Giuseppe Diotti (1 March 1779 – 30 January 1846) was an Italian painter of the Neoclassic style.

Biography
He was born in Casalmaggiore. His full name was Francesco Giuseppe Antonio Diotti. He initially was apprenticed in his hometown to Paolo Araldi. As a teenager, until 1796, he attended the Academy at Parma and was there instructed by Carlo Calami. After a few years back at Casalmaggiore, he gained stipends to allow him to travel to Rome, where he was strongly influenced by the academic styles of both Gaspare Landi and Vincenzo Camuccini.
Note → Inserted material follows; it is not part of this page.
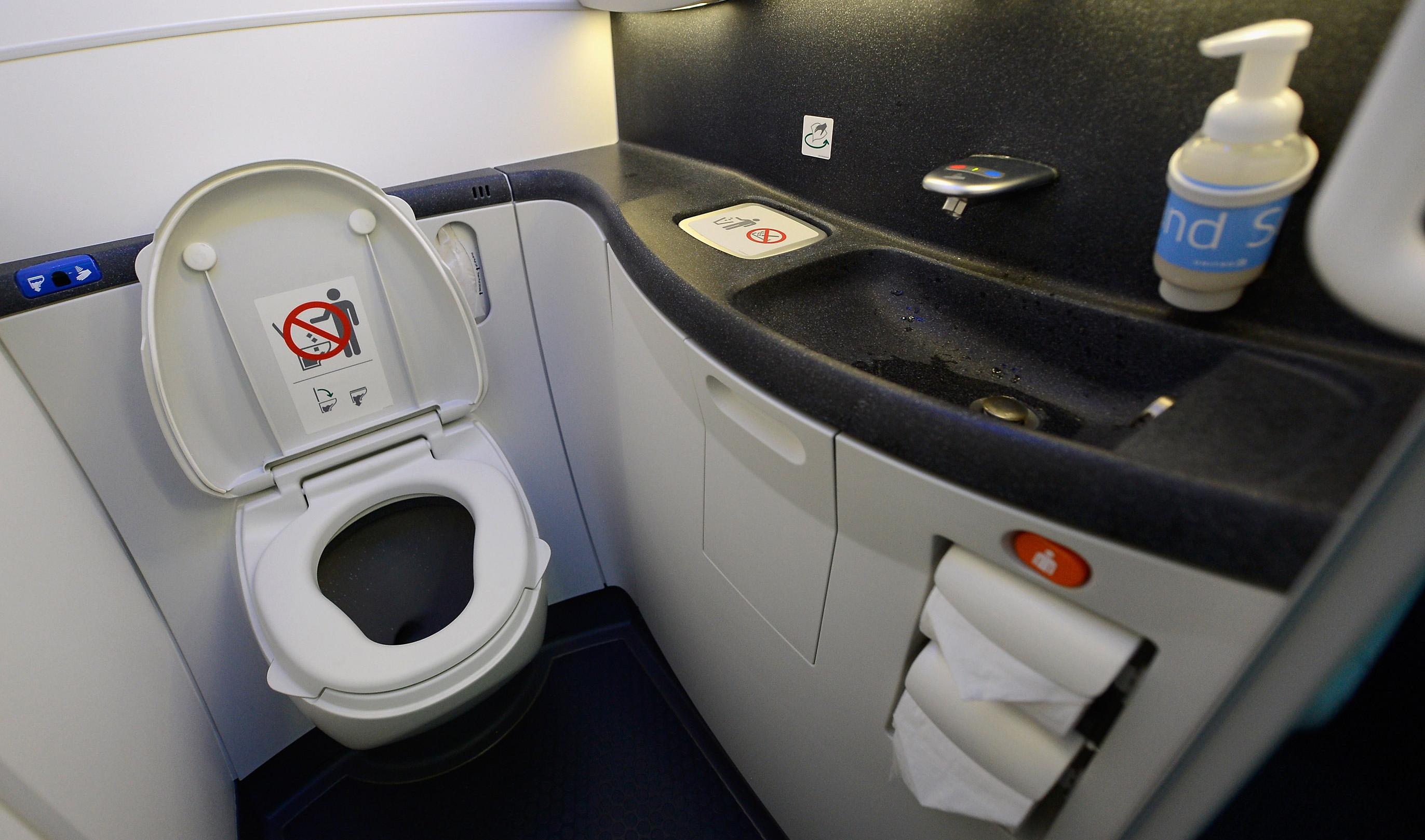 Patented in 1975, most aircraft lavatories are equipped with the 'vacuum flush' opposed to the 'chemical toilet blue water recirculate electric flush' to mitigate the risk of corrosive waste spill over and be less odor-inducing. (The 'vacuum flush' system is also substantially lighter.) Photo Credit: Getty Images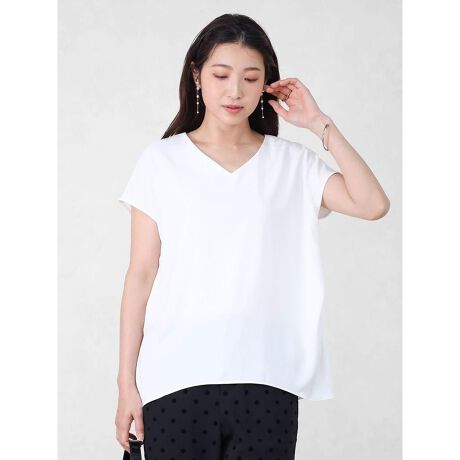 首回りをすっきりと見せてくれるざっくりとしたVネックが嬉しいポイントです。

He painted in fresco as well as in oil, distinguishing himself as a painter of historical subjects. From 1806 to 1809, he painted, among other topics, the Rest in Egypt, a Deposition, a Moses with Tablets, an Adoration by Shepherds, and Moses and the Bronze Serpent.

He then returned to Milan, and through his friendship with Andrea Appiani, he became a professor in the Accademia Carrara in Bergamo. He received many subsequent honors including membership in the Academies of Milan (Brera) in 1815, the Atheneum at Bergamo in 1819, the Atheneum at Brescia in 1829, the Accademia of Bologna in 1837, and the Roman Accademia di San Luca in 1844. He died in 1846 in Casalmaggiore. His former palace and studio is now the Museo Diotti.

Legacy

In the Belvedere at Vienna is a picture by him representing The Kiss of Judas, and in the Brera Gallery is a depiction of the Congress of Pontida (Oath of Pontida). Other  works by him are a Leonardo da Vinci and Lodovico Sforza and Tobias recovering his Sight. His self-portrait, dated 1821, is in the Uffizi. He also helped decorate, alongside Luigi Sabatelli, the frescoes (1818) at Palazzo Bolzesi in Cremona; the Bath of Venus at Palazzo Locatelli in Bergamo; and four frescoes in the Colleoni chapel in the Cathedral of Cremona.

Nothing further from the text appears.